Cross-client Consistency in Distributed FL: Excessive heterogeneity in selection choices across clients can increase mismatch error, limiting convergence in federated aggregation (Sun et al., 2024).
Judge Quality (SSFT, SSR): The reliability of output selection/judging is crucial; misclassification inflates distributional drift (Gupta et al., 12 Feb 2025).
Absence of Hard Constraint Control: Fractional sparsity is typically enforced via regularization or threshold scheduling, not explicit cardinality constraints (Bafghi et al., 26 Jan 2025).
Transferability to Nonlinear or Structured Architectures: Most frameworks apply to feedforward, transformer, and vision architectures; extension to autoregressive or graph structured models is ongoing.
Limited Theoretical Guarantees in Highly Nonconvex Settings: Most convergence proofs assume smoothness, variance bounds, and mild gradient diversity.

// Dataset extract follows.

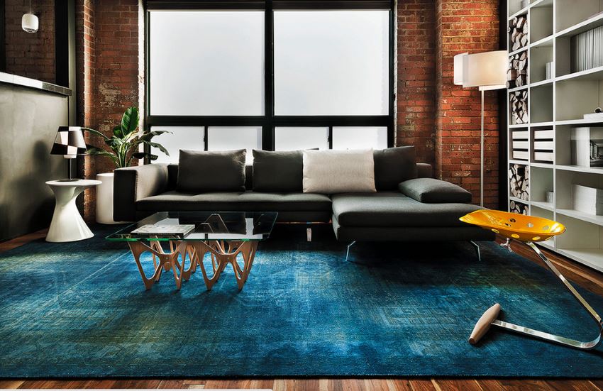 Für die moderne Richtung Loft ein leicht schäbig gemusterter Teppich wird gut funktionieren und sollte so aussehen, als ob Sie von Ihrer Großmutter geerbt hätten. Es ist nicht notwendig, trendige Muster zu wählen, es ist genug, um die Verzierungen zu bevorzugen.

Potential extensions involve automatic mask optimization, multi-granular or hierarchical selection, domain-adaptive mask evolution, and integration into multi-modal and continual learning settings. Further open directions include dynamic per-sample layer selection, robust adaptive gating in PEFT, and data-efficient selective adaptation in foundation models for scientific, medical, and multi-objective applications.

7. Summary

Selective fine-tuning represents a principled, resource-adaptive approach for deep model adaptation. By updating only the most relevant subset of parameters—chosen via gradient, robustness, data-driven, or objective-aware analysis—this paradigm achieves computational efficiency, superior generalization, and stronger robustness to data and resource heterogeneity. The methodology generalizes across FL, transfer learning, LLM adaptation, multi-objective retrieval, and domain-shifted image segmentation, and is supported by both theoretical analysis and extensive empirical validation (Sun et al., 2024, Kaplun et al., 2023, Son et al., 2024, Bafghi et al., 26 Jan 2025, Colan et al., 21 Aug 2025, Bianchi et al., 2019, Ruan et al., 13 Oct 2025, Dong et al., 2024, Shen et al., 2024, Chekalina et al., 2024, Jiang et al., 2022, Deng et al., 17 Apr 2025, Yang et al., 13 Sep 2025, Gupta et al., 2024, Ramasubramanian et al., 2024, Gupta et al., 12 Feb 2025, Ge et al., 2017).